Mme Zakaïb a toutefois laissé échapper devant les journalistes que les poursuites «allaient tomber». Comme ministre du Travail, Lise Thériault avait nommé la péquiste Diane Lemieux à la Commission de la construction, ainsi que Brigitte Pelletier, ex-chef de cabinet de Bernard Landry, à la présidence de la Commission des normes du travail. «Ce qui est étonnant et troublant, c'est que, cette fois, on nomme à Investissement Québec quelqu'un dont l'intégrité est remise en cause», a soutenu Mme Thériault.

À l'entrée d'une réunion du caucus péquiste, le ministre Jean-François Lisée avait défendu ce choix et indiqué que le gouvernement était au courant des accusations contre M. Duthel avant qu'il ne soit nommé.

En juillet 2012, le Directeur général des élections a accusé M. Duthel, avec un autre ancien permanent de Vision Montréal, d'avoir fourni des contributions illégales au parti que dirigeait son patron à l'époque, Benoît Labonté. M. Duthel doit comparaître le 30 avril. Même si la cause n'a pas encore été entendue, Jean-François Lisée a déclaré que «tout est réglé du côté de la justice». Il a ensuite corrigé le tir, disant qu'il faut «attendre les décisions» du tribunal. Mme Zakaïb a affirmé de son côté que «les accusations allaient tomber».

Selon M. Lisée, le gouvernement n'avait pas à patienter avant de nommer M. Duthel. «On pense que c'est la meilleure personne pour le poste. Si vous lisez le curriculum vitae, vous verrez comme moi que ça aurait été difficile de trouver quelqu'un avec plus de compétences et de connaissances du dossier», a fait valoir M. Lisée. «Je pense que la décision a été prise par Investissement Québec, nous en avons été informés, et nous pensons que c'est un excellent choix.»

Un choix «indéfendable»

Pour François Legault, la nomination de M. Duthel comme «démarcheur» pour trouver des projets d'investissements est indéfendable. «On prend les Québécois pour des valises.» L'ex-ministre péquiste a rappelé à Mme Marois qu'elle «connaît très bien» M. Duthel. «C'est un gars de communication. Là, on lui donne un job pour démarcher des investissements; il n'a jamais fait ça dans sa vie, il n'a aucune formation en finances, aucune expérience en finances.» «La première ministre nous disait en 2009: «nous sommes le parti de René Lévesque. Jamais nous ne ferons de nomination partisane comme le Parti libéral.» C'est sur YouTube. Vous irez voir ça», a lancé M. Legault.

Québec est en train de changer le nom d'Investissement Québec pour la Banque de développement économique. «Ça va-tu être la banque de développement de la carrière des amis du PQ? C'est quoi, cette banque-là?
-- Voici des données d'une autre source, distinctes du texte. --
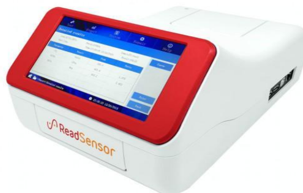
Slika 13. Readsensor 2 (Noack group, n.d., URL)

Aflatoksini i antibiotici određuju se putem uređaja koji se naziva Readsensor, ali različitim testovima. Aflatoksini se određuju testom MRL aflatoksin, a antibiotici testom Quad RUS. Antibiotici i aflatoksini mogu se određivati istovremeno. Kod određivanja antibiotika test traka se stavi u inkubator, preko test trake postavi se pipeta uz stjenku jažice za uzorak te se u jažicu odpipetira 300 \mu L mlijeka, poklopac se zatvori i nakon 6 minuta se dobiju rezultati. Mlijeko ne smije sadržavati antibiotike kako bi se smatralo ispravnim.
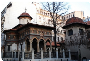
史達弗洛波裡奧斯教堂

羅馬尼亞雅典娜神廟： 是佈加勒斯特市中心的一座音樂所，也是佈加勒斯特的地標建築之一，於1865年由羅馬尼亞雅典文化協會修建這座建築，是由法國建師Albert Galleron設計。如果遇到有舉辦音樂會的話，不妨買票進去欣賞一下美妙的音樂並品味這座新古典主義的建築。
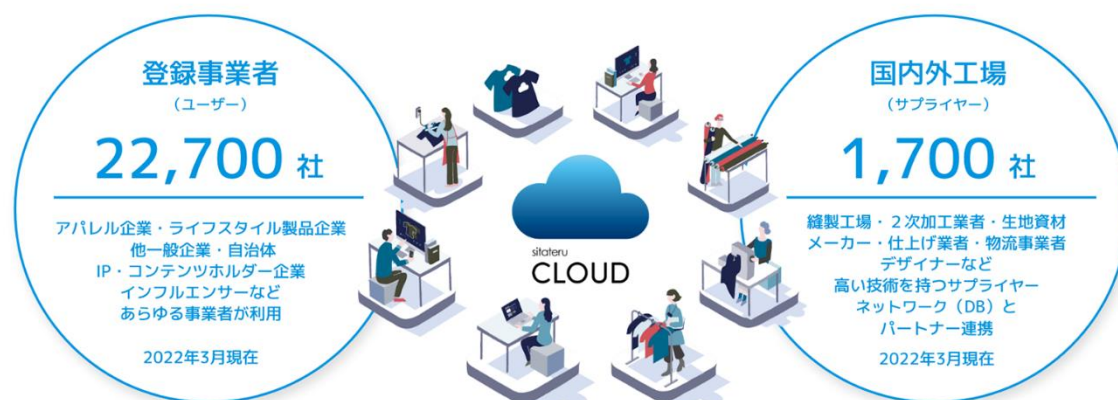
sitateru CLOUD のイメージ

「クラウドサービス」である衣服生産プラットフォーム『sitateru CLOUD』は、ものづくりの効率化・DX を推進する「生産支援機能」と、あらゆる事業者のアイテム販売・DtoC(ダイレクト・トゥー・コンシューマー)事業をサポートする「販売支援機能」を兼ね揃えた、クラウドサービスです。
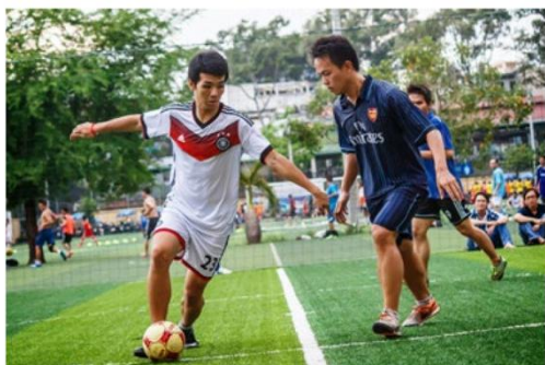
Hoạt động thể dục thể thao APCS Cup

Est-ce qu'elle peut nous dire, là, honnêtement, est-ce qu'il a la compétence pour faire la job, oui ou non?», a lancé le chef caquiste.
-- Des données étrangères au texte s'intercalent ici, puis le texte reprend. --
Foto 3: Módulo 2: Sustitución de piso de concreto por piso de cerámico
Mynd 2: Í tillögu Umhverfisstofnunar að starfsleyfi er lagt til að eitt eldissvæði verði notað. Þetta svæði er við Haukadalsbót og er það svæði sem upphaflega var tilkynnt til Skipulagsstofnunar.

Mme Marois n'a pas répondu à l'invitation de M. Legault, mais Elaine Zakaïb a défendu le choix de son ancien collègue - elle a travaillé avec le tandem Blanchet-Duthel au Fonds de solidarité du Québec. L'embauche a été décidée par Investissement Québec, qui assure «que le processus d'embauche normal pour tout contrat d'un contractuel d'une durée d'un an a été suivi selon les règles de l'art», a-t-elle soutenu.